### Task requirements
Output the data below only from the line containing "A relaxed pants" up to and including the line containing "1361 calendar", exact and with the pictures left out.

### Available data
•••••

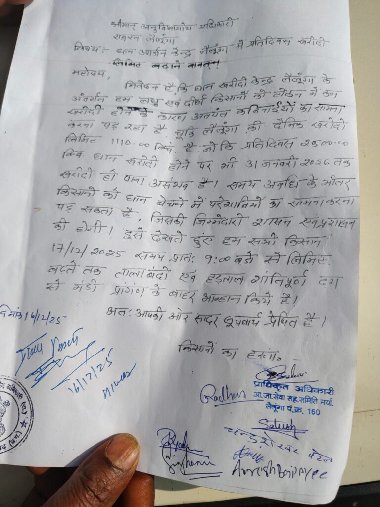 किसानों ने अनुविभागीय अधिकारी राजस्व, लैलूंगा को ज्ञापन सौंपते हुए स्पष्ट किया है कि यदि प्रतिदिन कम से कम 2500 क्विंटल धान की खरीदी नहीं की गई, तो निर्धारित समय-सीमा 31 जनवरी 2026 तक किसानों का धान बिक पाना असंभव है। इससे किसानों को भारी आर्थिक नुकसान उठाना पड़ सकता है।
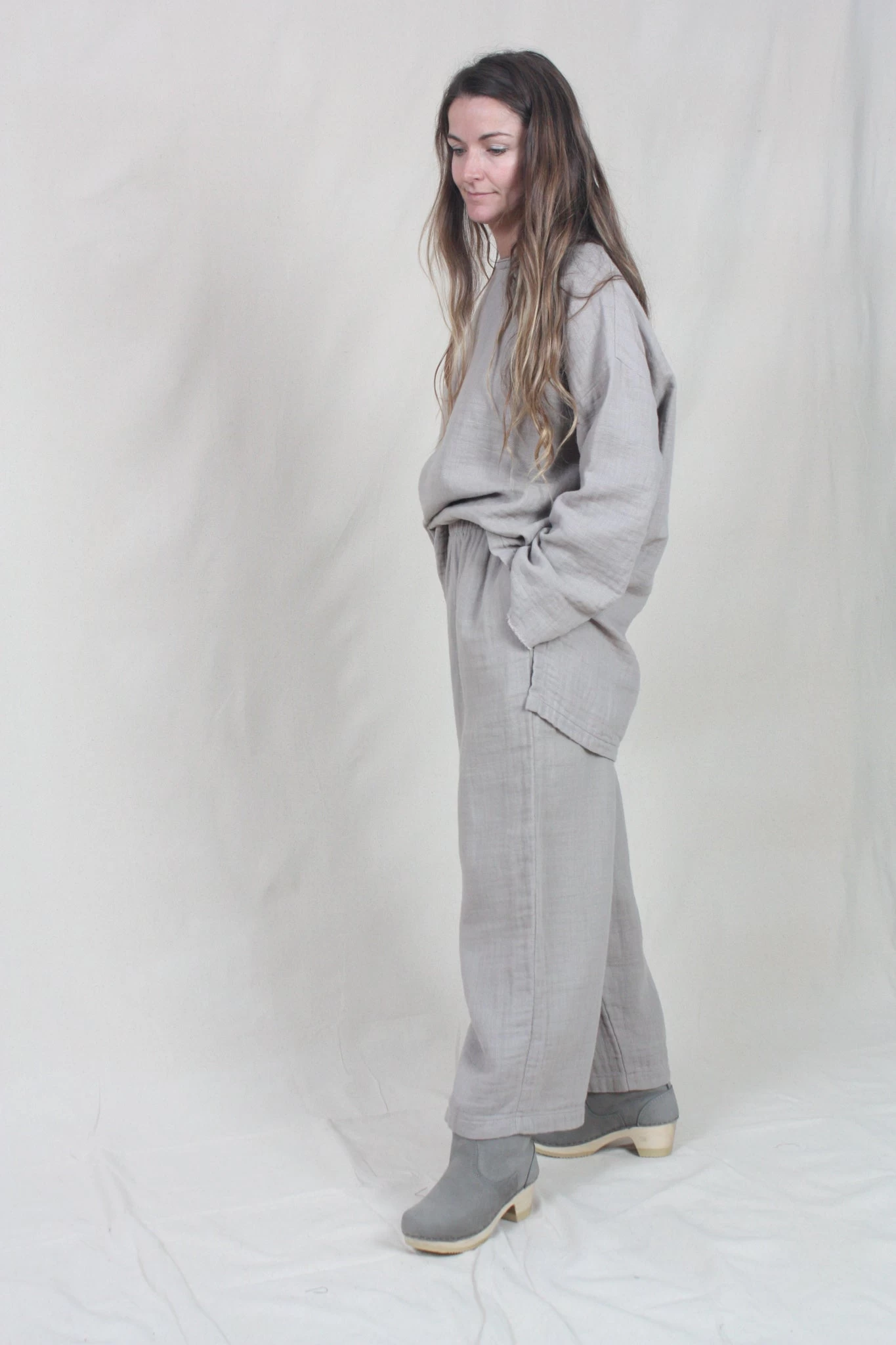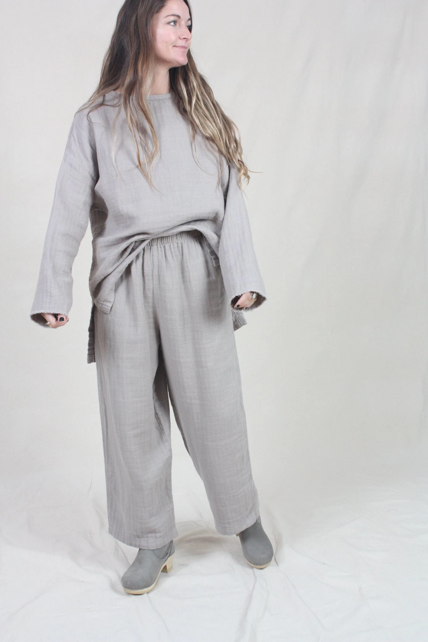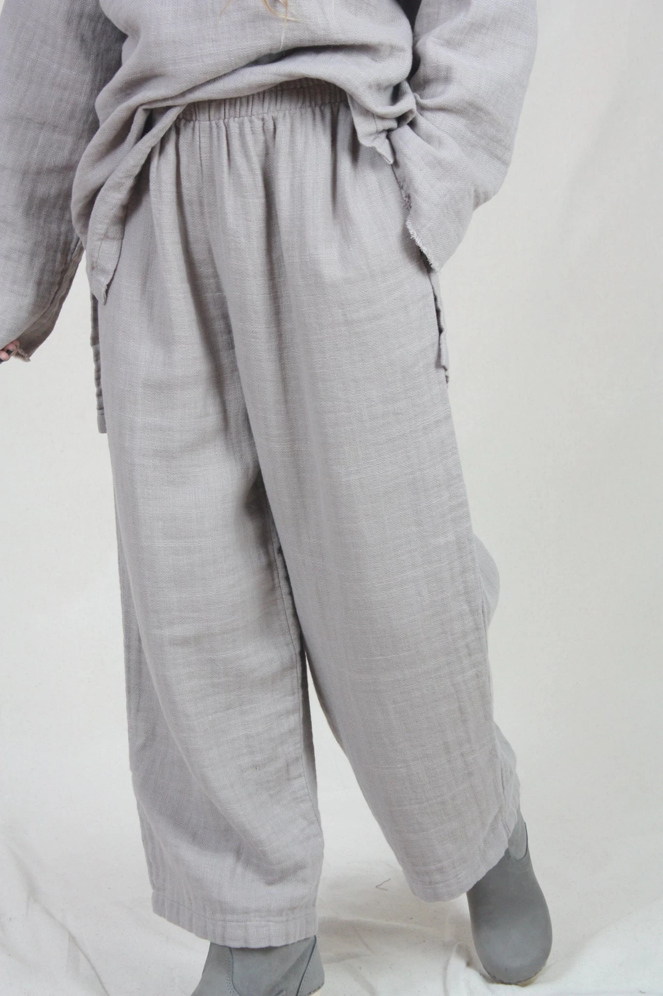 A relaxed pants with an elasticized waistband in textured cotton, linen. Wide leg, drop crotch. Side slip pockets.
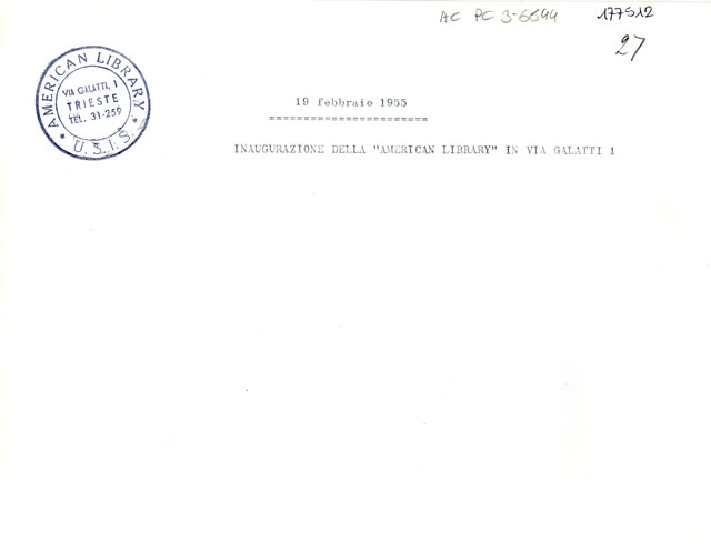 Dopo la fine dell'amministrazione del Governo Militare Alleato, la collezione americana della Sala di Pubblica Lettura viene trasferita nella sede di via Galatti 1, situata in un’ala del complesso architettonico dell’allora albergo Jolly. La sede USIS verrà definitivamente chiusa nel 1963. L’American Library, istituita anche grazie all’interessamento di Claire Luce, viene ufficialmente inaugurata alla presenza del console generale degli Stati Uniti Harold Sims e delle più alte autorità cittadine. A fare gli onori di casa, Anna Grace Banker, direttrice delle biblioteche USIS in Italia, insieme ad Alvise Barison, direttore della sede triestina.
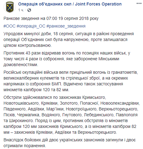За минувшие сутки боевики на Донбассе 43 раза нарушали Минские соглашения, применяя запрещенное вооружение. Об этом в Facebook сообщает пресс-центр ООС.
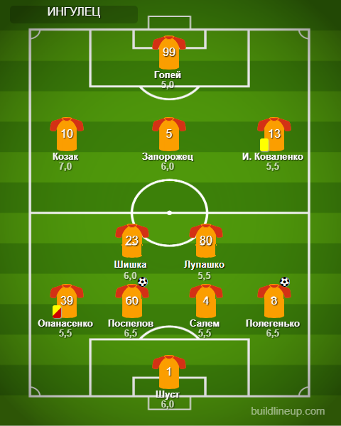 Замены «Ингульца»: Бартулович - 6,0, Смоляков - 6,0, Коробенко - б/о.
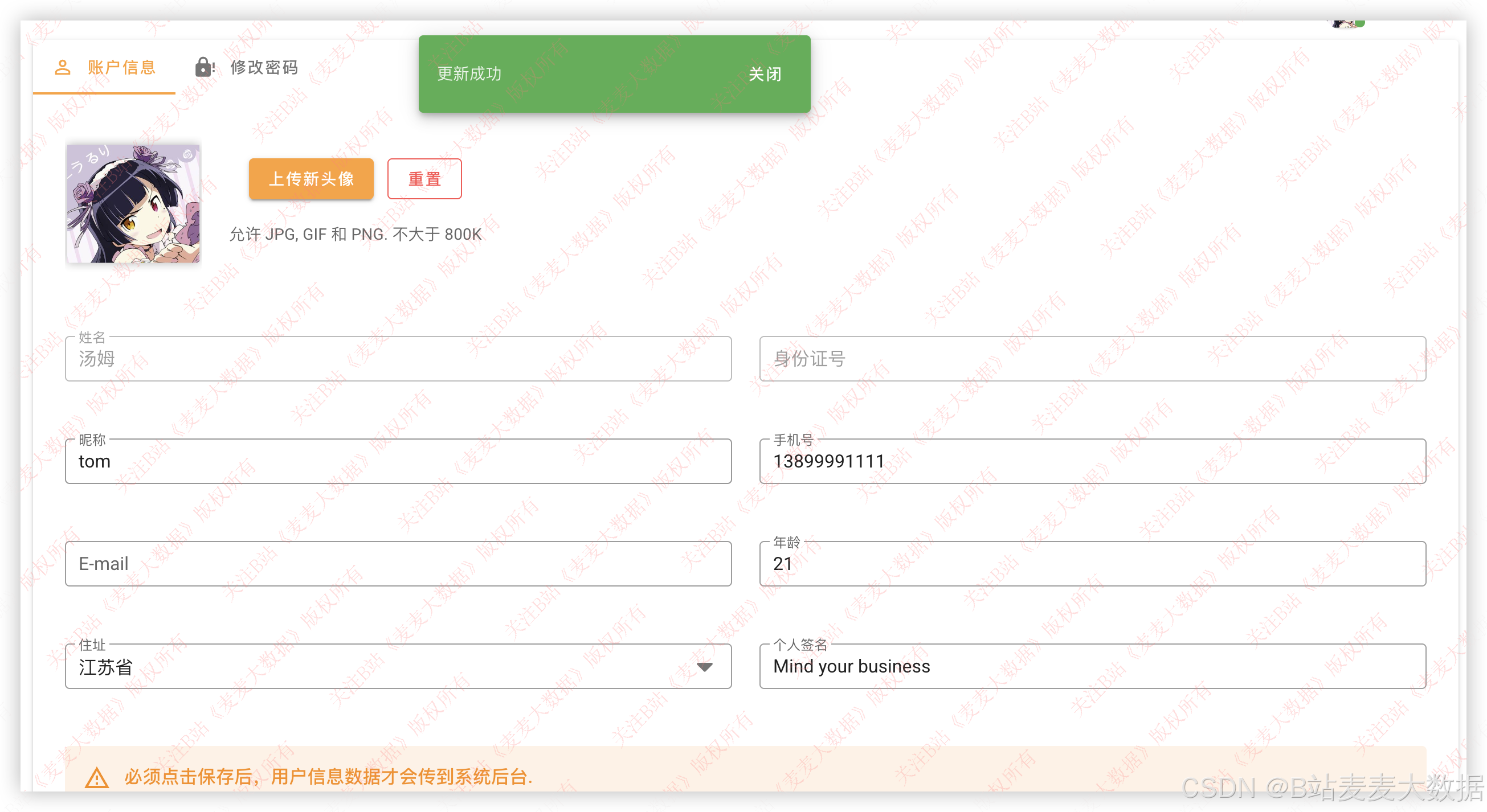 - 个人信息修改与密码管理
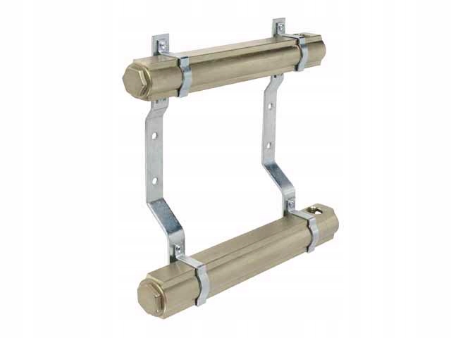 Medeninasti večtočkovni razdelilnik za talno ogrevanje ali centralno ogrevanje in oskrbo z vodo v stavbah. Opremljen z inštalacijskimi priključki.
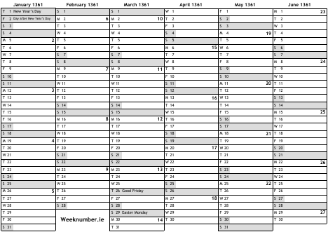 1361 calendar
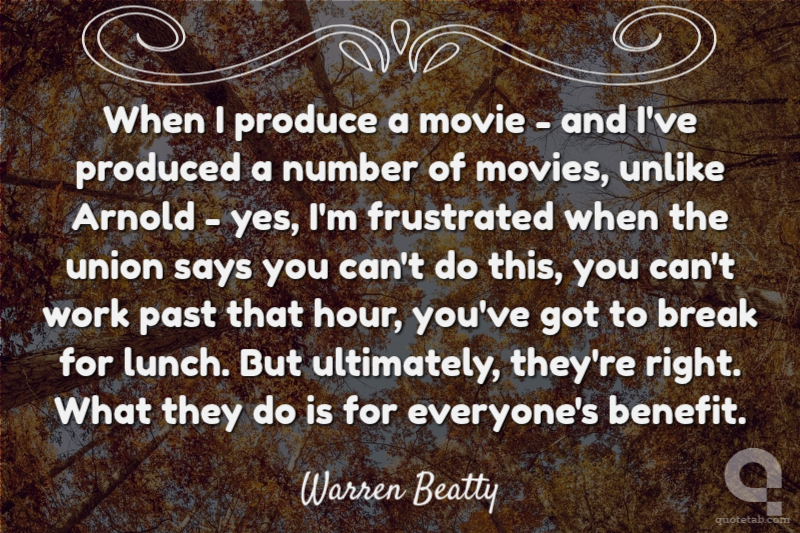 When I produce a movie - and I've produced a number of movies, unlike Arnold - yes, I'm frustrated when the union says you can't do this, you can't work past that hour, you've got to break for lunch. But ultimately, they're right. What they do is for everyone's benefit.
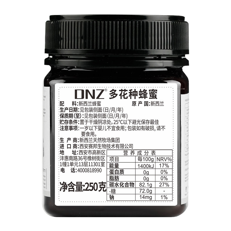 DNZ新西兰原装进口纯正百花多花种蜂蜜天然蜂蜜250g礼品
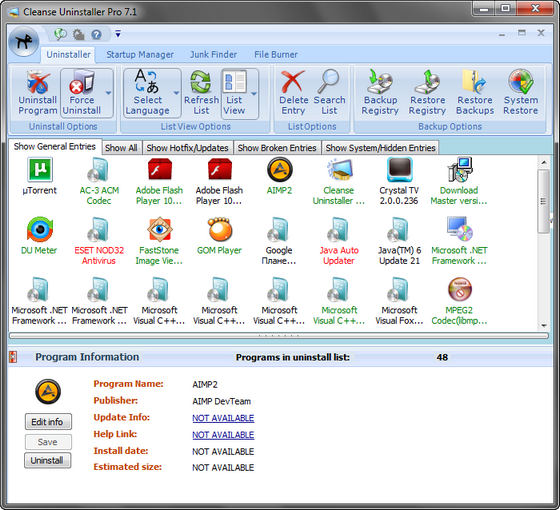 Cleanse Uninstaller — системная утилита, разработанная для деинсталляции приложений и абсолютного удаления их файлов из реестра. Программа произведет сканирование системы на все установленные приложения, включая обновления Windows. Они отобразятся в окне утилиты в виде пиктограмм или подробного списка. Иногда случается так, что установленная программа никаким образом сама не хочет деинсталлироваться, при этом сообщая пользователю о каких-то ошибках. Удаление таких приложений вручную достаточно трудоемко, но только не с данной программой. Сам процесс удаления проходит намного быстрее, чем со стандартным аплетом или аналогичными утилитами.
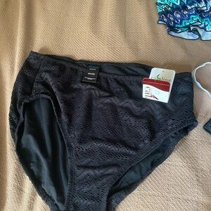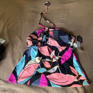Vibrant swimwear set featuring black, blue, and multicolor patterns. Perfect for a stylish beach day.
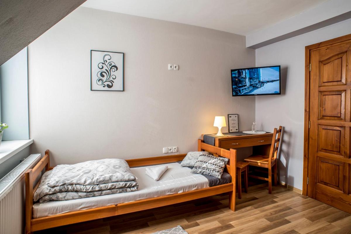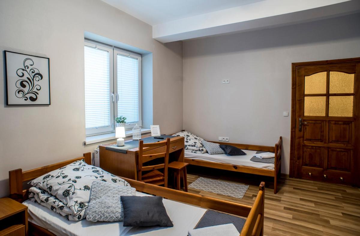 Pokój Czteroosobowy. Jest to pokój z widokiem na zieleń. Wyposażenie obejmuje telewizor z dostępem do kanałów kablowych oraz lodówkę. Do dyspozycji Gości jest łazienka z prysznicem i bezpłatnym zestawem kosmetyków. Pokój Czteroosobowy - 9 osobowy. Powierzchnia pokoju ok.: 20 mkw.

•••••

### Solved problem
 A relaxed pants with an elasticized waistband in textured cotton, linen. Wide leg, drop crotch. Side slip pockets.
 Dopo la fine dell'amministrazione del Governo Militare Alleato, la collezione americana della Sala di Pubblica Lettura viene trasferita nella sede di via Galatti 1, situata in un’ala del complesso architettonico dell’allora albergo Jolly. La sede USIS verrà definitivamente chiusa nel 1963. L’American Library, istituita anche grazie all’interessamento di Claire Luce, viene ufficialmente inaugurata alla presenza del console generale degli Stati Uniti Harold Sims e delle più alte autorità cittadine. A fare gli onori di casa, Anna Grace Banker, direttrice delle biblioteche USIS in Italia, insieme ad Alvise Barison, direttore della sede triestina.
За минувшие сутки боевики на Донбассе 43 раза нарушали Минские соглашения, применяя запрещенное вооружение. Об этом в Facebook сообщает пресс-центр ООС.
 Замены «Ингульца»: Бартулович - 6,0, Смоляков - 6,0, Коробенко - б/о.
 - 个人信息修改与密码管理
 Medeninasti večtočkovni razdelilnik za talno ogrevanje ali centralno ogrevanje in oskrbo z vodo v stavbah. Opremljen z inštalacijskimi priključki.
 1361 calendar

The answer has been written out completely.